I mean, the hill shade example is, is a good example for this. So yeah, we have, I cannot show you. We have a parameter you can define when you define your process pyramid that's called pixel buffer and it would add to every process tile a buffer of this and clip it away afterwards.
I mean, you can use it within reason. I mean, getting the whole image information. Yeah. Theoretically, you have the path of the image somewhere and get it and have to open it in Rasterio and then get the information out of it. But near neighborhood, yeah, it's there. It was, creating the hill shade
was the first use case for this tool, so having the pixel buffer was also one of the first features, yeah. I would have a question. I found interesting that you used this OGC API processes.

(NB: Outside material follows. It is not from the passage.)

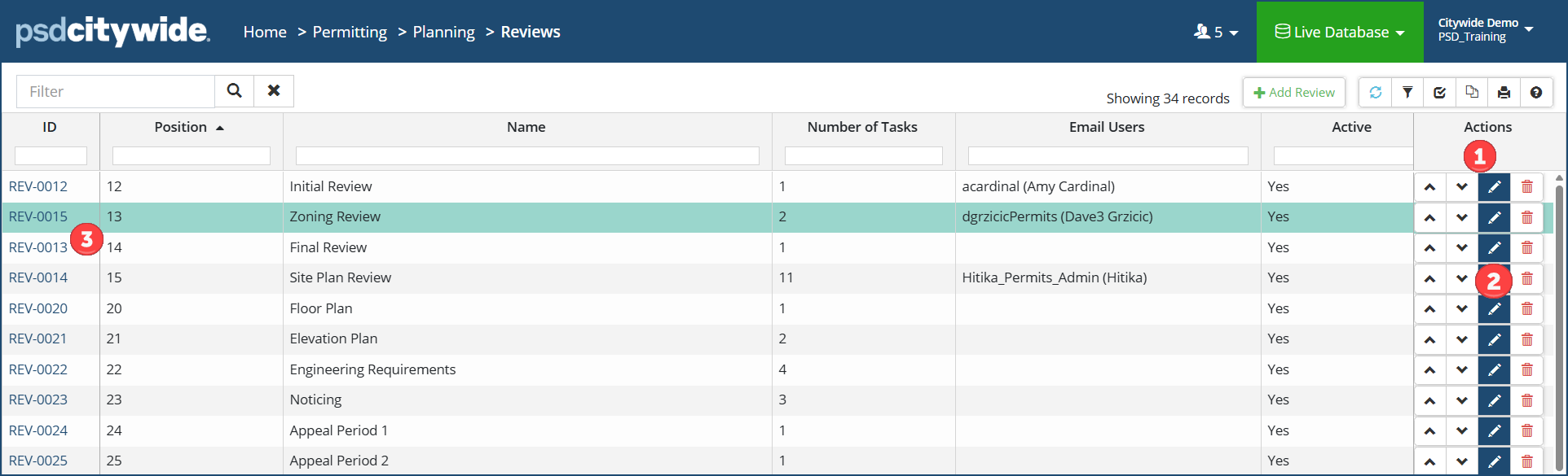 The ID ❶column contains the auto-generated Review ID, each of which is a link to the detailed Review record. The order of the Reviews can be changed using the up / down arrows ❷ under Actions to suit the flow of the approval process for individual application types. All Review records can be positioned in this manner, placing the most commonly used Reviews nearer to the top of the list.

So just out of interest, are you satisfied with the standard and the stuff you did differently? Would you suggest it to add this to the standard? We added one thing for us, which was the posting of processes, which was not really that, the ideas were there like two years ago,
but there was not a specification for this. I heard that, meanwhile, it is there. I have to review this, but this was the major deviation we had from this. All right.
Okay, then thanks again, Joachim. So a warm applause for him. Thanks. Thanks.